Les élèves de Marion dans la cour de leur école.


Durant ma première année, il fallait tout découvrir : la réalité d’une situation géopolitique complexe, la culture arabe, un bouillonnement religieux parfois explosif… Vivre ici, c’est aussi être témoin de violences, d’injustices et d’inégalités criantes au quotidien. Pendant un an, j’ai appris à écouter et à observer la société palestinienne fonctionner. J’ai écouté son désespoir et sa souffrance, mais ses rêves, ses joies, et ses valeurs. J’ai appris à me laisser bousculer par des manières de faire différentes. Ces longs mois d’apprentissage et d’adaptation étaient sans doute nécessaires pour vraiment comprendre en profondeur la société palestinienne tout en restant à ma juste place d’étrangère. Désormais, je passe avec simplicité d’une culture à l’autre. Sans doute que cette 2e année permettra un dialogue interculturel et religieux toujours plus vrai et profond. J’oserai davantage partager ce qui fait la spécificité de la culture française. C’est très beau de contempler le chemin parcouru.

Marion, un rameau à la main, devant le dôme d'une église, avec au loin, le dôme du Rocher.

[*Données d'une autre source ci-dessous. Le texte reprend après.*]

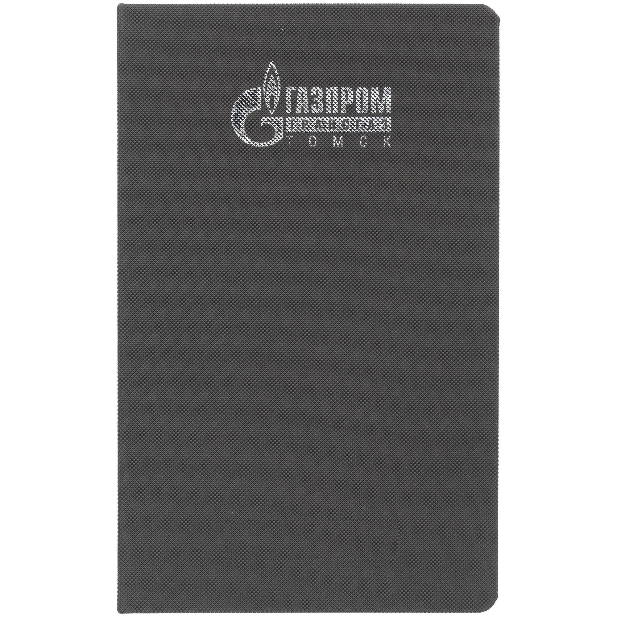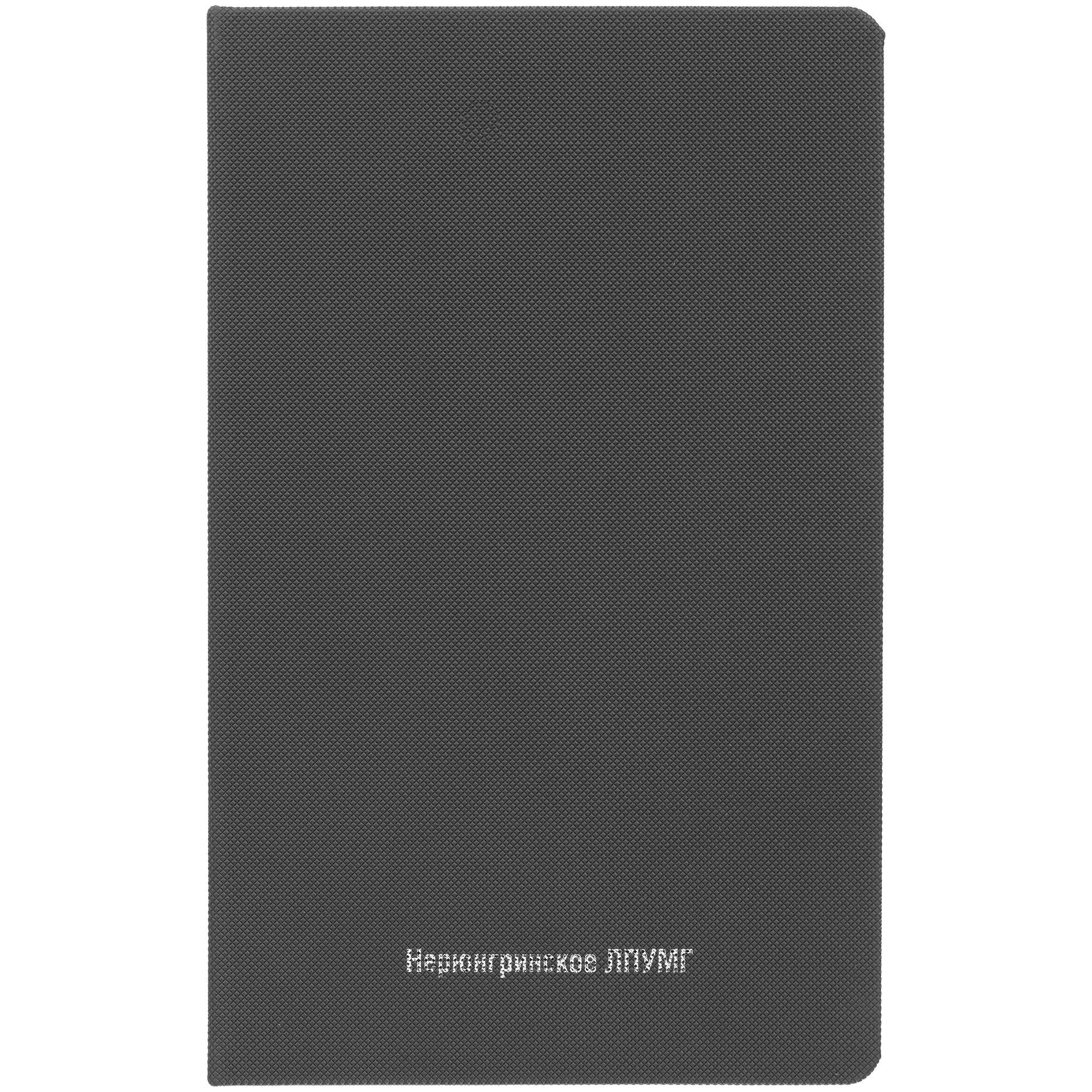 Ежедневник с твердой обложкой, выполнен из материала Canyon, темно-серый ЕЕ, дополнен ляссе в цвет обложки.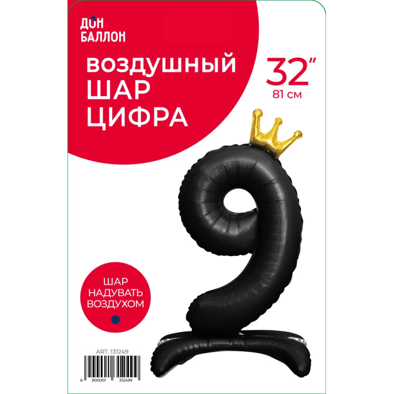 Шар (32''/81 см) Цифра на подставке, 9 Золотая корона, Черный, 1 шт. в уп., 131249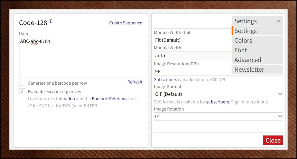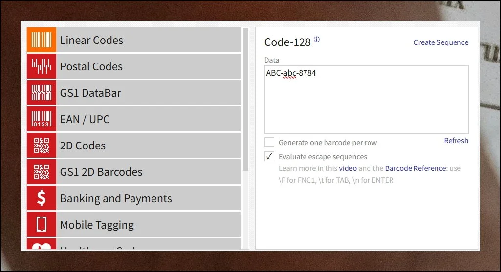식별 코드에 숫자뿐 아니라 문자도 같이 입력하는 방법이 있어요. LINEAR BARCODES 메뉴를 클릭해보세요. 다양한 선택지가 나타날 거예요.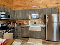 We have a fully stocked kitchen with everything you need in an open floorpan with the living room (and 55 inch TV) and dining area that can seat up to six. It is a very cozy cabin!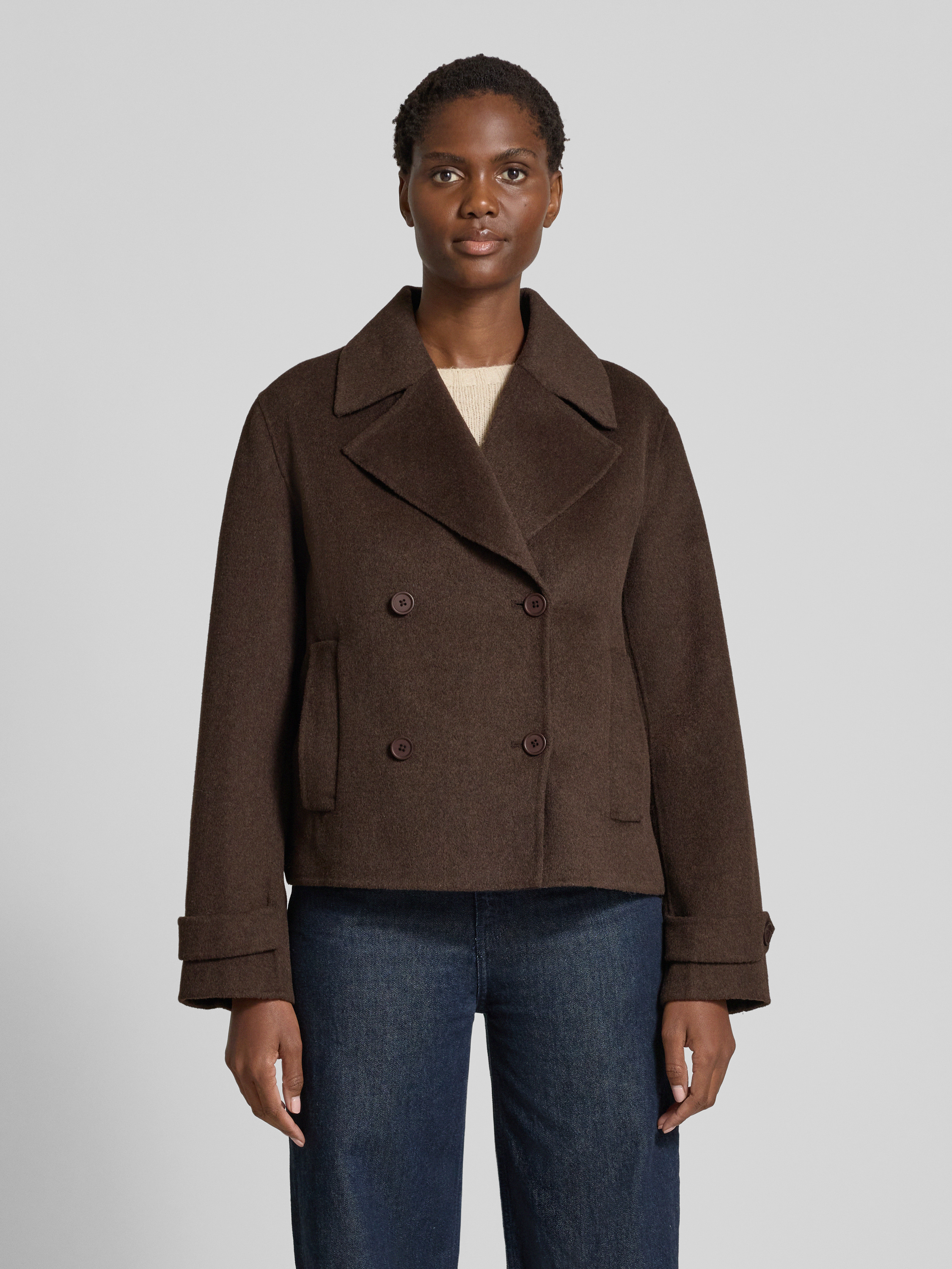 StefanelKurzmantel aus Lanawoll-Mix Modell 'PEACOT' in dunkelbraun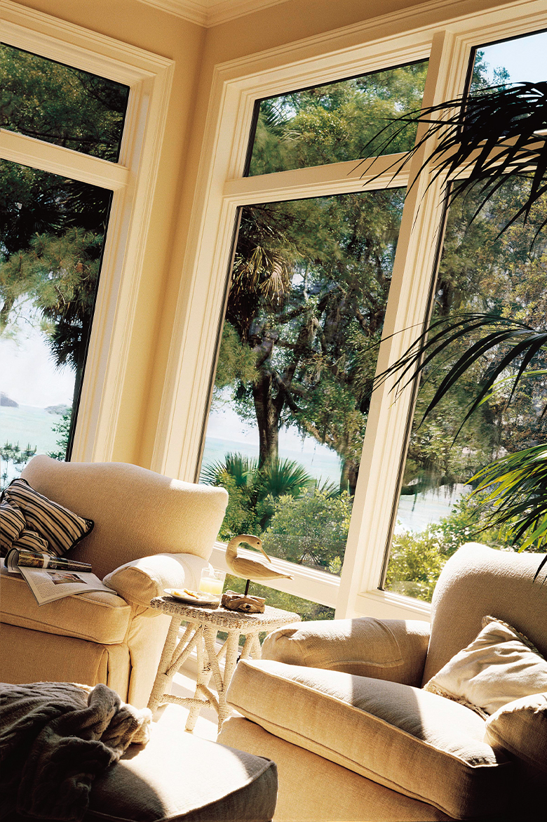 アンダーセンの木製サッシは複層ガラスを標準装備、木部はPVC樹脂で被覆されています。厳しい気候条件でも高気密・高断熱に優れた性能を発揮します。すべり出し窓・出窓・上げ下げ窓(ダブルハング)・突き出し窓・パティオドアなどデザインも豊富で、日本でも輸入住宅や商業施設などに40年以上にわたり愛され続けている代表的な輸入サッシです。

Pourquoi rester ? C’était une décision difficile à prendre : accepter de vivre à distance la joie des mariages et la tristesse des deuils familiaux une 2e année consécutive. Mais malgré les renoncements inévitables d’une telle aventure, je vis actuellement deux années merveilleuses de ma vie. J’apprends l’arabe, qui m’ouvre les portes du monde arabo-musulman, une langue nouvelle pour moi (parlée par 274 millions de personnes dans le monde et 3,5 millions de personnes en France). À Jérusalem, j’observe l’Humanité dans ce qu’elle a de plus lumineux et de plus sombre. Alors rester une deuxième année m’est apparu progressivement comme une évidence et un appel à aller encore plus loin dans la compréhension de cette Terre et l’Histoire si complexe de l’Humanité. C’est pour moi une évidence qu’il y a un besoin fondamental d’ouverture ici en Palestine. J’ai pris conscience que j’avais la possibilité de m’engager une deuxième année pour contribuer à faire tomber les murs grâce à l’enseignement de ma langue maternelle, le français, une langue étrangère qui permet à la jeunesse palestinienne de s’ouvrir au monde.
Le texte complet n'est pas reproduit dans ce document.